Waterfall works becuase of a few things:
1) You know where you are going before you start
2) Seperation of responsibilities has some advantages (at least between developer and tester)


Agile works because:
1) Requirements change, agile handles it.

My theory is a little different.
1) The designer, developer and business analyst should all be the same person. If you don't understand a problem, you won't make a very good solution.
2) The tester, requirements provider, and end user should be the same person. Who better to test whether it met the requirements.
3) Design is upfront, but from a what to do, not a how to do it standpoint. (Requirements and design are really just the developer discussing how technology can fit the business need with the user)
4) Parts are small enough to be completed quickly so that they can be tested before the whole thing heads off in the wrong direction.

Keep the user involved so that as things change, they can be handled (agile) and keep the parts small enough that the change is not catastrophic (agile) but know where you are going on each deliverable before you start it, and it is not done until the tester (user) is happy with it (waterfall). Knowing what you are going to do, and what the project should accomplish is the only way to set reasonable delivery dates or costs (waterfall)

Grant Johnson on February 6, 2010 9:52 PM

1. Almost every tool the agile programmer uses was developed with waterfall. Waterfall therefore can't be the almost guaranteed failure they insist it is.

2. Most agile arguments are made against a caricature of waterfall that even places like IBM didn't practice. The author of this post makes that same mistake.
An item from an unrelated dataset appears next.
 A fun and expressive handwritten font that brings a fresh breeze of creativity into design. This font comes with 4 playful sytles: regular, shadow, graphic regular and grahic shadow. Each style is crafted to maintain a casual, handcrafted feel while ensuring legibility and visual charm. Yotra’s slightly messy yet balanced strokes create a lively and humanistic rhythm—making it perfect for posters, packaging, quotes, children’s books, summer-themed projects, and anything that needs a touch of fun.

M1EK on April 27, 2010 8:33 AM

I'm at a loss to understand your "anything but Waterfall" mentality. Waterfall seems to be the only programming "methodology" [I hate the word] that pays anything more than lip service to the idea that software, like any other complex product, needs to be DESIGNED. And in my 34 years of computing experience, I've found that nothing leads to more productivity and responsiveness in a software project than having great design. Conversely, nothing slows down an IT department's response rate than having to deal constantly with the instability, bugs, and other difficulties that are inherent in poorly-designed or non-designed software.

For many years I successfully delivered very complex systems using a practice that I call "schedule-driven Waterfall". Every quarter the business agrees to the requirements for the coming quarter's development. After locking in something that can be reasonably designed and implemented in 3 months, developers proceed to build what was specified, with the first month of each quarter dedicated to pure design, and with no need to be shooting at a moving target. The business (or the client) may request changes at any time, but it is understood up front that no such "late" changes will be implemented until the following quarter at the earliest. The reward for this maturity? Quarter after quarter my clients got something that I've never seen delivered by any project using any other methodolgy: a thoroughly tested product with zero known bugs, and a near-zero bug incidence thereafter.
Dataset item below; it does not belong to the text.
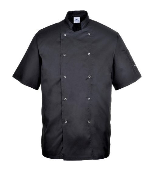 Meleg munkakörnyezetre tervezett új, rövid ujjú séfkabát. Klasszikus szabás, magas minőségű, könnyen kezelhető alapanyag. Fekete. Készlethiány! aktuális elérhetőségről érdeklődjön emailben vagy telefonon ! Más gyártótól hasonló termékeink elérhetőek!

This process works but it requires discipline on the part of the business/client - i.e. the understanding that you simply cannot conduct a successful software development in an environment of continually changing requirements. It is an adult, real-world view based upon real-world limitations on what can actaully be done, and it requires the presence of grownups on both sides of the IT table. Which is perhaps why it will never be the fad du jour.
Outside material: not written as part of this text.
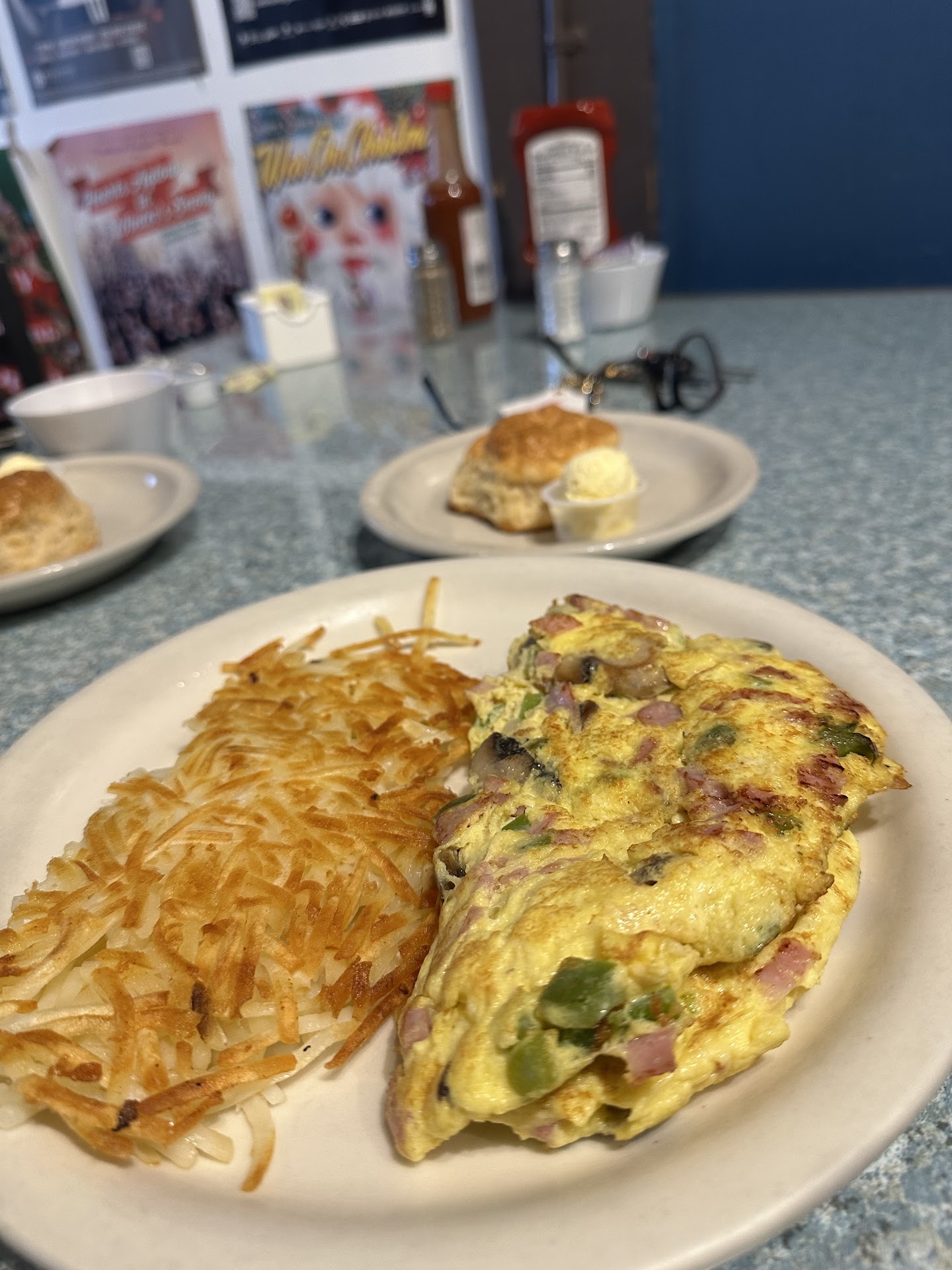 We had one Everything omelet, one order of biscuits and gravy, stack of pancakes, and one cup of coffee. Nothing was terrible but bill was over 50 bucks before tip.

I read the Agile Manifesto, which supposedly defines the Agile mindeset, and it seems like some sort of back-to-the-60s hippie thing. "Individuals and interactions over processes and tools?" "Responding to change over following a plan?" "Customer collaboration over contract negotiation?" Yes and we're all going to have peace and love and get ourselves back to the Garden just because we want to. Right.

Sorry, I've been there, done that. Any project that isn't sitting on top of a great design and whose programmers aren't obsessively and constantly concerned with delivering great design is doomed to an eternity of low productivity.